For a while on Saturday, the only day of practice allowed, it was a crowded hollow. Bobby's younger brother Al put the first official dent on the track wall when he lost a wheel. Then Jim Malloy brushed the wall in the No. 2 turn, and Johncock, who had more than 700 miles of testing at the track, simply moved into the first turn too deep during his qualifying trial. The rear end broke loose, Johncock overcorrected and his racer went into a lazy spin at about 165 mph and wound up against the outside wall, too damaged to make the race.

But for Andretti and Unser everything went smoothly. Through the luck of the draw Mario qualified immediately before Bobby, and they wound up next to each other on the first row—Andretti on the pole with an average speed of 183.67 mph. Unser was just .46 second behind, despite having to use his backup car after he had burned a piston in his first one, and despite running without the front-end spoilers used on nearly every other race car to help keep the front end occasionally in touch with the track.

Although there were no serious mishaps during the race—the only contender was a first-lap brush between Roger McCluskey and Mac Dudley—the track did take its toll of machinery. Only 11 of the 26 starters were running at the finish, and only Bucknum, Unser and Andretti were anywhere near contention at the end.

Andretti, in fact, was lucky to finish.

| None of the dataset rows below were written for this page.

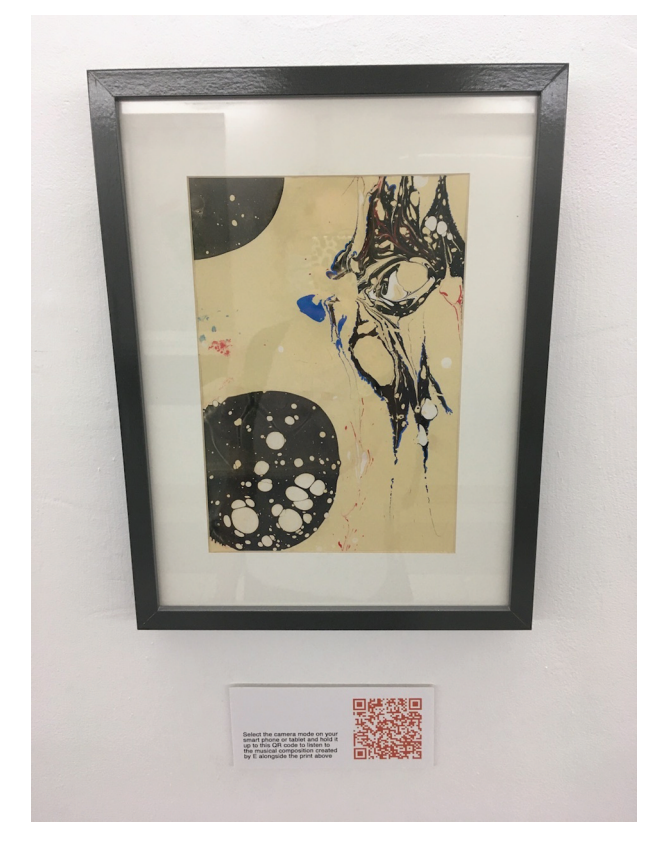
Exhibition image plus QR code to access music.

of the hospital was ubiquitous, seeping through the closed studio door. Commonly we heard footsteps, dialogue, invitation (to join a class, have a snack), resistance, punctuations of our sessions as participants left to receive treatments, and at one point, the sound of a game of badminton being played in the corridor outside our studio. These merged into what Bates (2021) calls a general "swirl" of hospital soundscape. Beyond the building, the drone of traffic on the high street and sirens of passing ambulances were reminders of ongoing acts of care, and an outside world inaccessible to many patients.
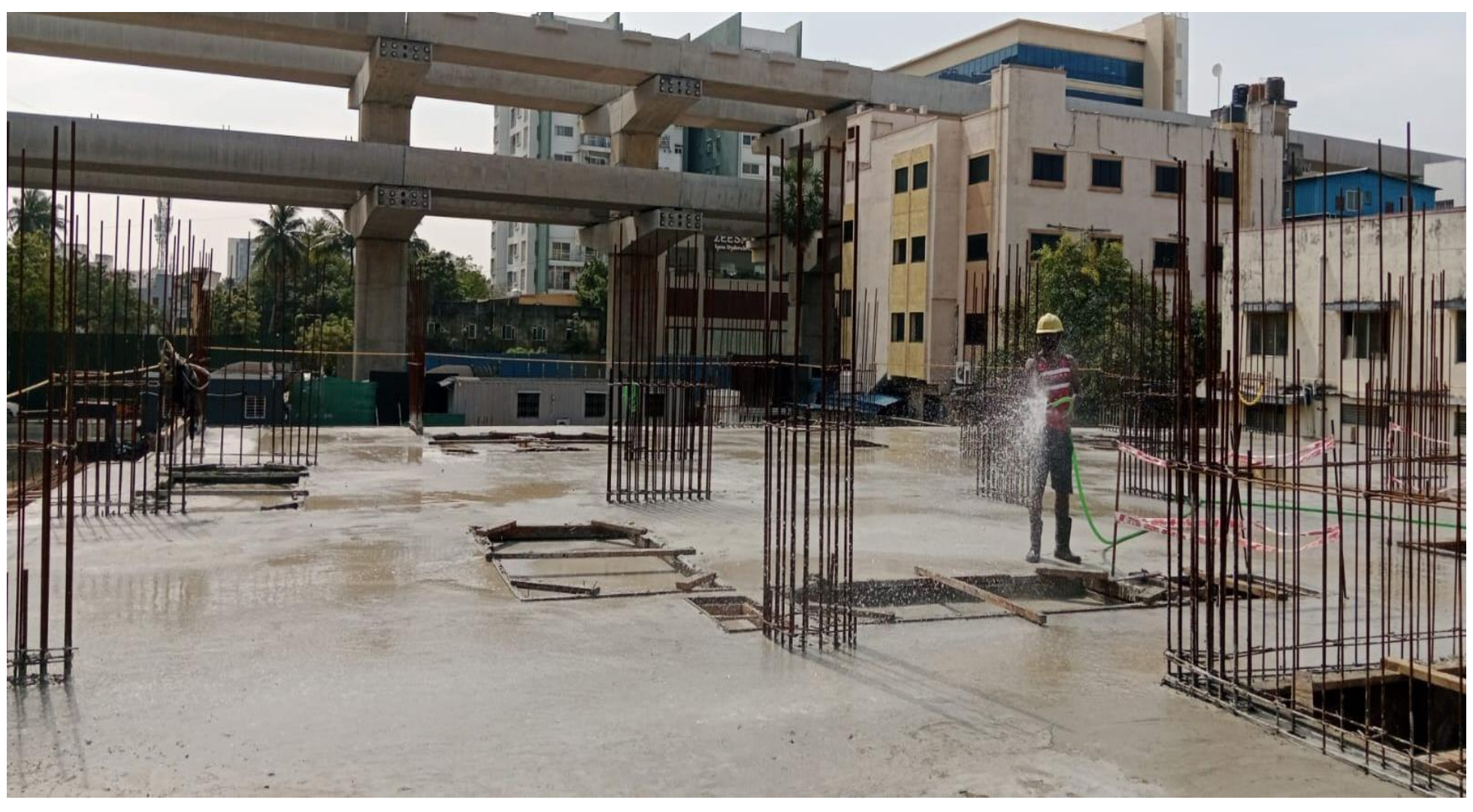
Stilt floor Pour-01 roof slab initial curing work completed.
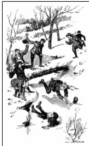
"The first real snow yesterday, and the boys wild in consequence."
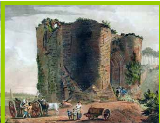
Tonbridge Castle, seized by Hugh Despenser in 1315, thinking it was part of the de Clare estates.

Already in 1315 he had seized Tonbridge Castle in Kent thinking it was one of the de Clare properties, only to discover that it actually belonged to the Archbishop of Canterbury, but not daunted he then went on to rob his sisters-in-laws, Margaret and Elizabeth, of their lands.
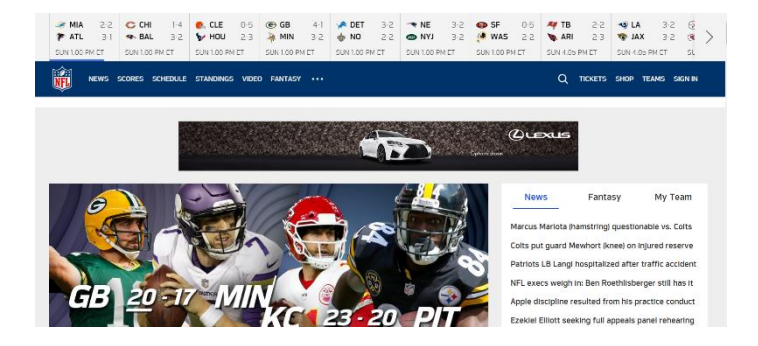
NFL: Right Navigation
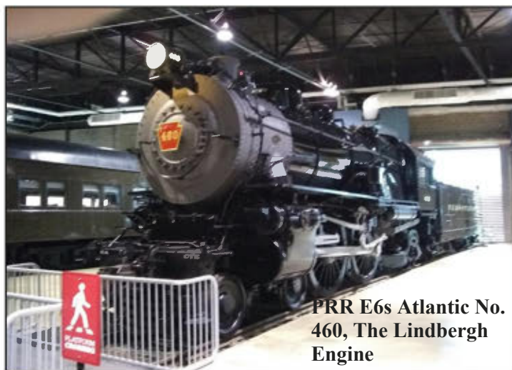
PRR E6s Atlantic No. 460, The Lindbergh Engine

Railroad Museum of Pennsylvania, Strasburg, PA. www.rrmuseumpa.org
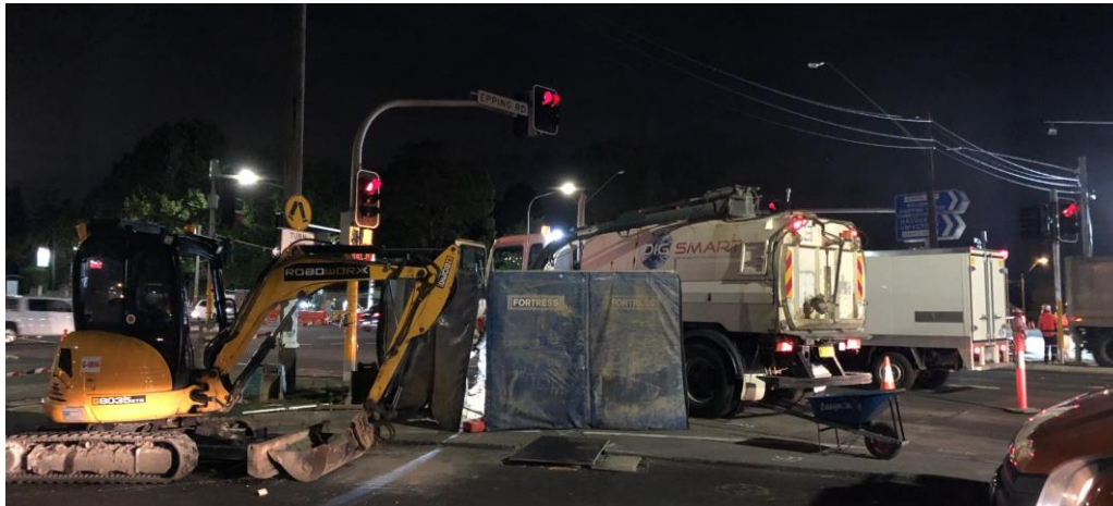
Widening work at the Herring Road and Epping Road intersection

With superior horsepower, Unser built a steady lead over his rival. Then, on the 67th lap of the 125-lap race Mario coasted slowly into the pits from about a mile out. Engine trouble? Blown tire? Nothing like that. He was out of gas. His crewmen had calculated he could run at least 70 laps on the full load he had begun the race with; they missed by two, and Andretti lost 90 seconds, or nearly 2½ laps, by failing to come in for fuel earlier.

That left the track clear for Unser, but, as his first car had in practice, his backup car blew its engine on the main straight after 76 laps. Unser parked it at the end of the pit and ran over to flag in the car of his teammate, Mike Mosley, which, due to the attrition, was now in the lead. Unser simply requisitioned Mosley"s car, a move condoned because of an archaic and foolish USAC rule that allows a copilot to share a starting driver's championship points on a prorated basis.

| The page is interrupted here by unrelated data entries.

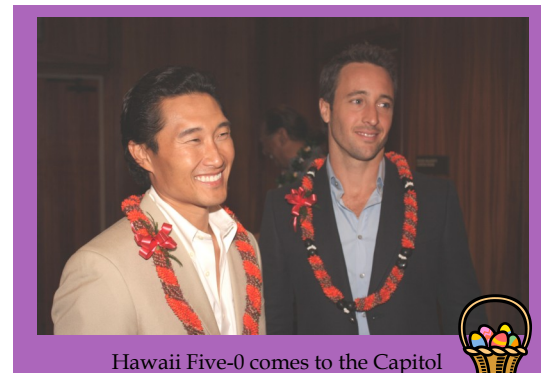
Hawaii Five-0 comes to the Capitol
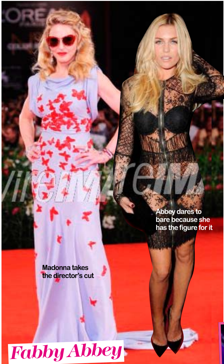
Madonna takes the director's cut

From hot headlines to juicy celebrity gossip, she's got an opinion on the lot!
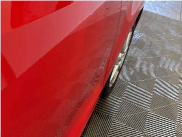
15: Door osf Dented 2 Or Less UpTo 10mm
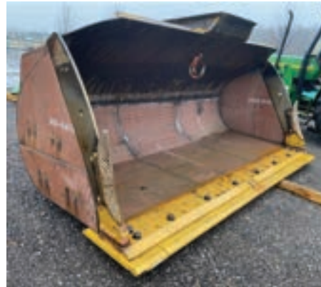
LOADER BUCKET LINER
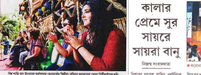
विश्व शांति पत्रा उत्सवचे वर्तमानाचे समारोपके शिबिरात कलाकारांचे प्रेरणा निहाळतारे होव।
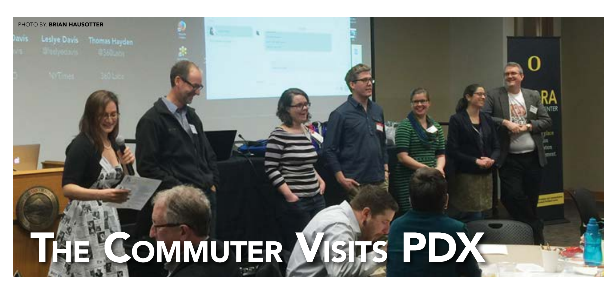
Commuter Staff visit journalism conference.

run newspaper, The Commuter, attended a journalism conference in Downtown Portland on Jan 23, hosted by the Society the SPJ Oregon Territory. of Professional Journalists.
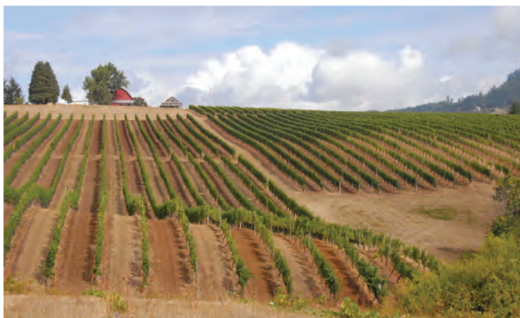
Ridgecrest Vineyards | Ribbon Ridge AVA Willamette Valley | Oregon

When we first set foot on Ribbon Ridge in 1980, we knew it was something special. There was an indefinable magic to the place, in the low-slung, rolling hills that rise and fall like the breath of a slumbering child. It was undeniably alive, and bursting with potential.

The propriety of the rule is dubious at best. The driving title for 1967 was decided in the season's last race when A. J. Foyt crashed in the Rex Mays 300 at Riverside, Calif., hopped into Roger McCluskey's car and drove it long enough to get the points necessary for his fifth championship.

Even so, Unser's strategy did not preserve his lead. Second place was worth 400 points to Andretti and put him slightly ahead. With just three races left, Mario's lead over Unser is 139 points (assuming the order of finish as of Sunday night is upheld), 3,538 to 3,399. By jumping cars Unser picked up 98 points. The biggest loser of all was Mosley, a 23-year-old in his second championship season, who probably could have held on to win. It would have been his first victory. During the exchange of cars Unser, who is 6 feet even, had difficulty adjusting to Mosley's car. Mosley is 5'7", and the seat had been tailored for him.

Andretti said pragmatically, "It's in the rulebooks, and I would do it myself. But I don't like the rule.

"Besides, I'm a little guy [5'6"]. I can't just get into any car."